The key difference is that while the Surface Book relies on Mini-DisplayPort for video out, the MacBook makes use of a full-sized HDMI port. The MacBook Pro also has ThunderBolt 2 ports, which can be used to send video out to DisplayPort monitors.

Winner: MacBook Pro


The base model of the Surface Book runs $1,499, while the base model of the MacBook Pro is just $1,299, and the two systems are fairly similarly equipped. If you opt for the Surface Book, the stylus is included with the device, but that’s hardly a $200 value, until you consider the screen upgrade to a higher resolution with touch in that price.
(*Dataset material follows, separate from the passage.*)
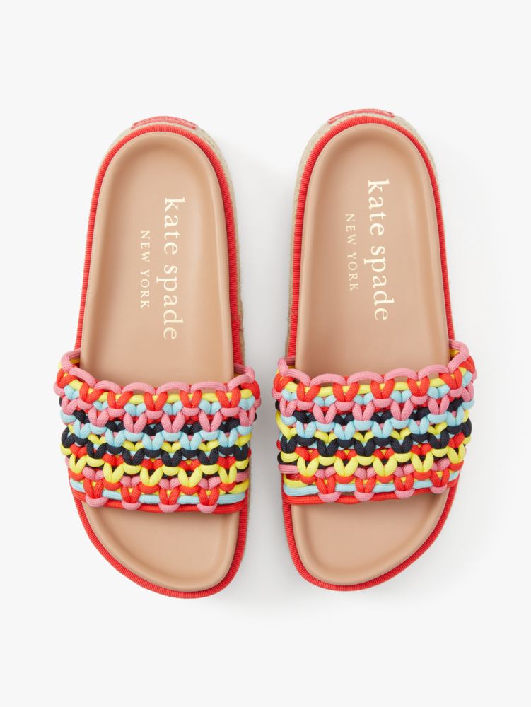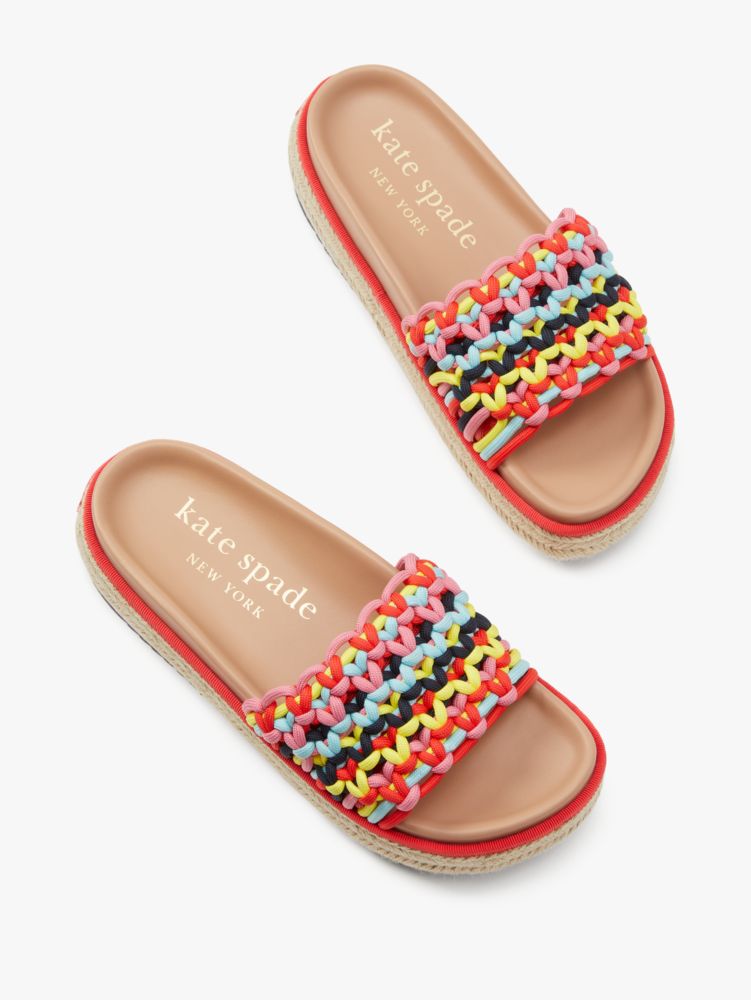 Kate Spade,Vita Platform Slide Sandals,Nappa Leather,Cotton,Espadrilles,Slides,Piping,Breathable,Casual,

At the higher end, the MacBook Pro’s value is drastically worse. The most tricked out systems on both sides will run you $2,700 each. They’re fairly similar, both boasting Intel Core i7 processors and 16GB of RAM, but the MacBook Pro has a full 1TB drive. The Surface Book has only 512GB, but has dedicated graphics by Nvidia. We think the inclusion of discrete graphics far outweighs the bigger hard drive.

Winner: Surface Book

Score one for Surface

These systems are very competitive on paper. While the MacBook Pro has already earned its stripes as a capable and well-built device, the Surface Book is a journey into uncharted territory for Microsoft. At the base model, the MacBook Pro is likely to outperform the Surface Book due to a faster processor and twice the hard drive space, but it lacks the touchscreen and form factor versatility.

That being said, as you slide up the cost scale to higher configuration models, the Surface Book starts to look more appealing. Dedicated GPUs are a much more relevant upgrade in this day and age, and one that most users are more likely to notice than extra hard drive space.

Along with everything else the Surface Book brings in terms of new functionality, it’s worth waiting until it’s in hands and has reviews before you pull the trigger on a new MacBook Pro 13.